§ **Task details**: Look through the entries below and copy exactly the part that begins with the line containing "4月29日,寇晓燕(左)和合" and ends with the line containing "The Missouri Breaks". Do not copy the pictures.

§ **Data provided**:
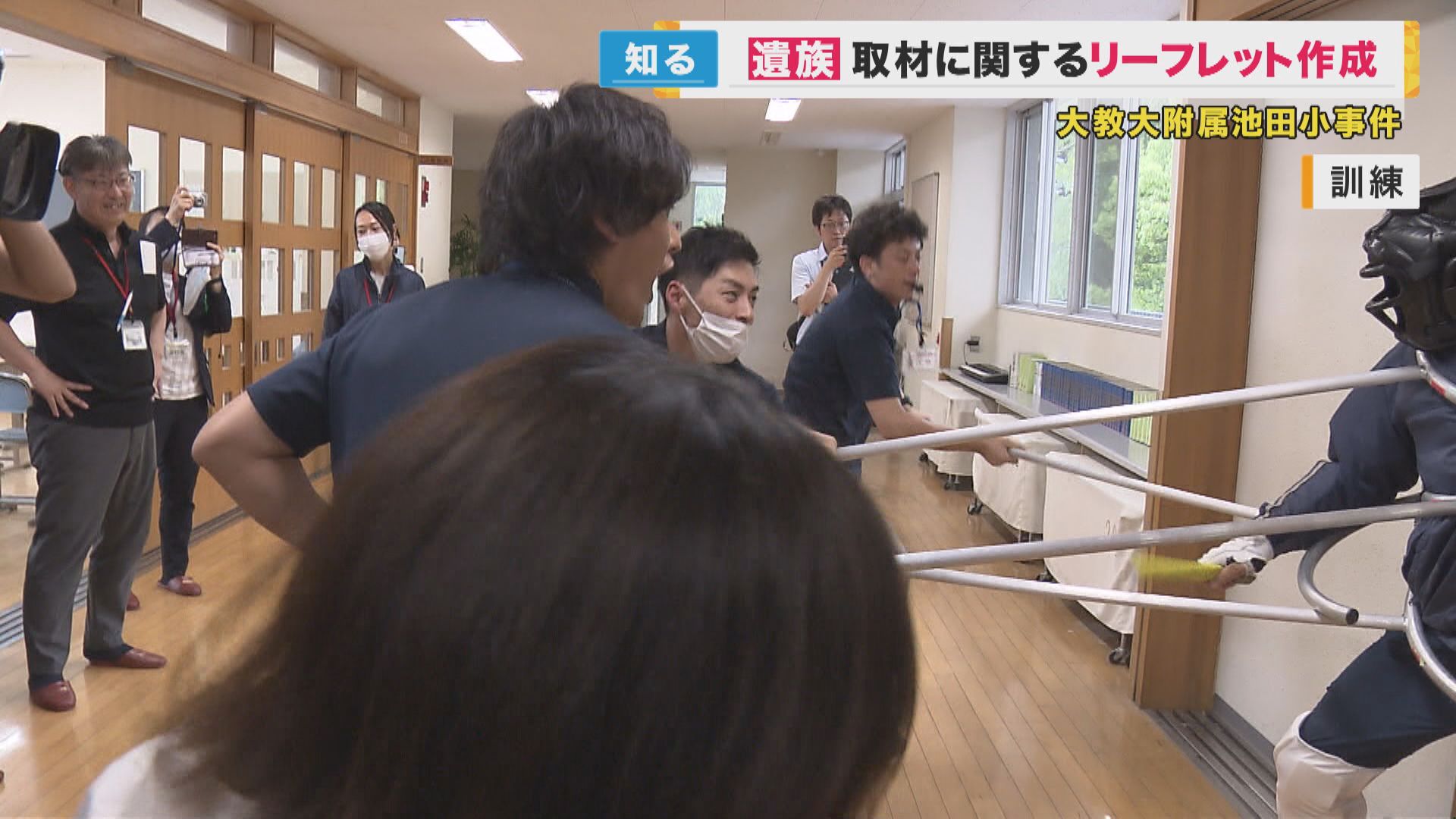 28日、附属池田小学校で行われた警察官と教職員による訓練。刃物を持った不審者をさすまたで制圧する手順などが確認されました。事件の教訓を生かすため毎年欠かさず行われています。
---
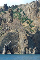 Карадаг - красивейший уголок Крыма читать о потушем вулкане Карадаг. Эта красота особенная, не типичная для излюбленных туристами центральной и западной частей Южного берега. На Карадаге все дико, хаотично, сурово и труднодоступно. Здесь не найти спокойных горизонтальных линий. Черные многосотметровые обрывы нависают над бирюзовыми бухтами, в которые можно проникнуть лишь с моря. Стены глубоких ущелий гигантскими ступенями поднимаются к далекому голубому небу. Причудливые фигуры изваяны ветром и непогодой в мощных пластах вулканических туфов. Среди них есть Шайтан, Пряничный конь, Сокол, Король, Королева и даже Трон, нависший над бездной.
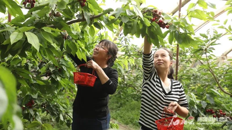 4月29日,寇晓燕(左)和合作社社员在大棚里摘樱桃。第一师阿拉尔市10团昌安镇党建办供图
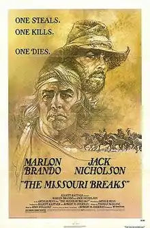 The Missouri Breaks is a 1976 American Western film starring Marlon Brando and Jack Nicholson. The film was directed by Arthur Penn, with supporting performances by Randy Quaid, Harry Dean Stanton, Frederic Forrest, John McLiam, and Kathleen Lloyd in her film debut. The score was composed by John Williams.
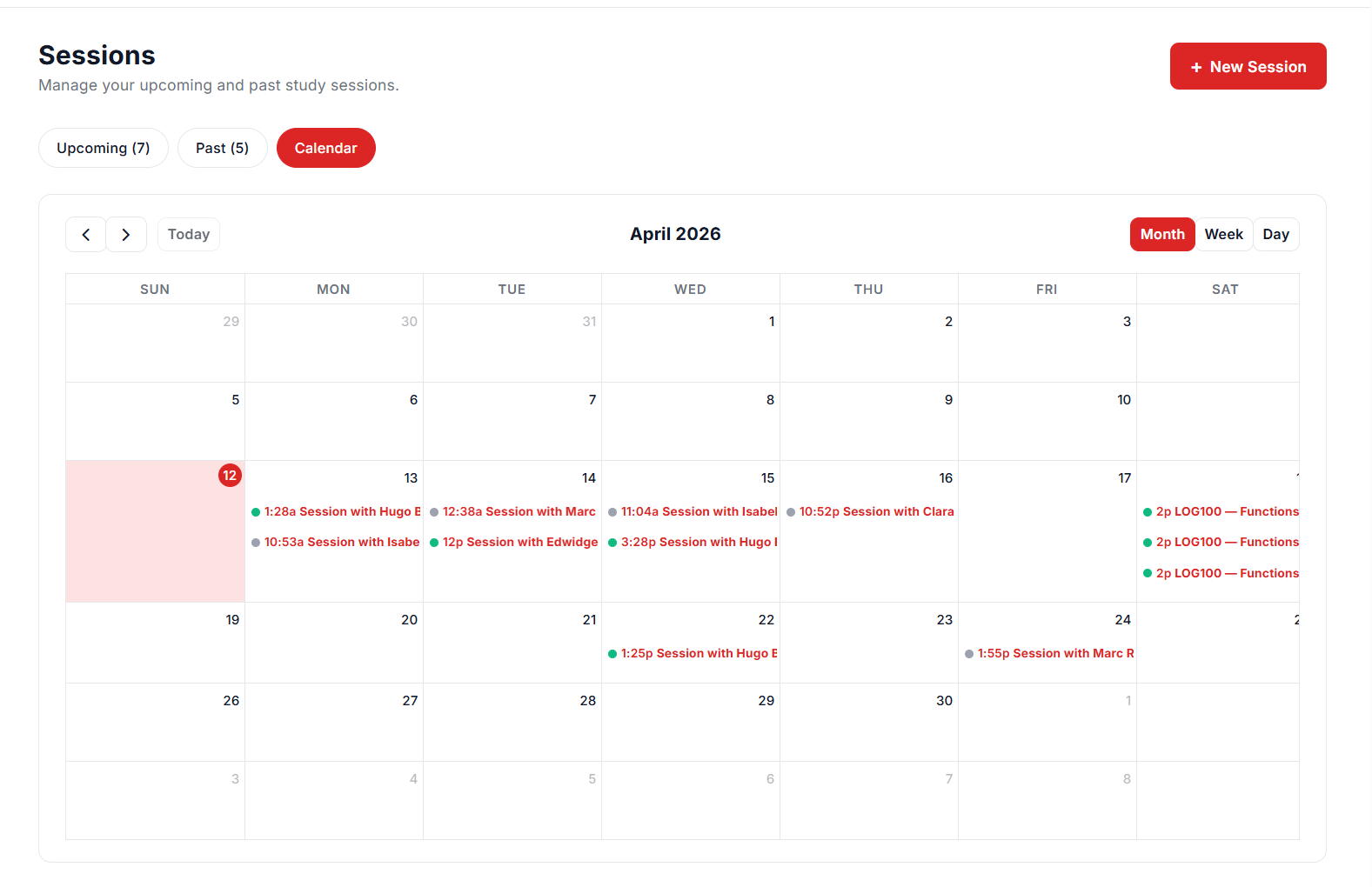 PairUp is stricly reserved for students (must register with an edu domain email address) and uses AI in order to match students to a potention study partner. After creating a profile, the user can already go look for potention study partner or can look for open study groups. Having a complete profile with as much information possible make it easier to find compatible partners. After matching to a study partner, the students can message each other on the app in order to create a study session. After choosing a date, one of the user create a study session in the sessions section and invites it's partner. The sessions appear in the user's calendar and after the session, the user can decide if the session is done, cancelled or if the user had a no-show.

§ **Reply to the exercise**:
 4月29日,寇晓燕(左)和合作社社员在大棚里摘樱桃。第一师阿拉尔市10团昌安镇党建办供图
 The Missouri Breaks is a 1976 American Western film starring Marlon Brando and Jack Nicholson. The film was directed by Arthur Penn, with supporting performances by Randy Quaid, Harry Dean Stanton, Frederic Forrest, John McLiam, and Kathleen Lloyd in her film debut. The score was composed by John Williams.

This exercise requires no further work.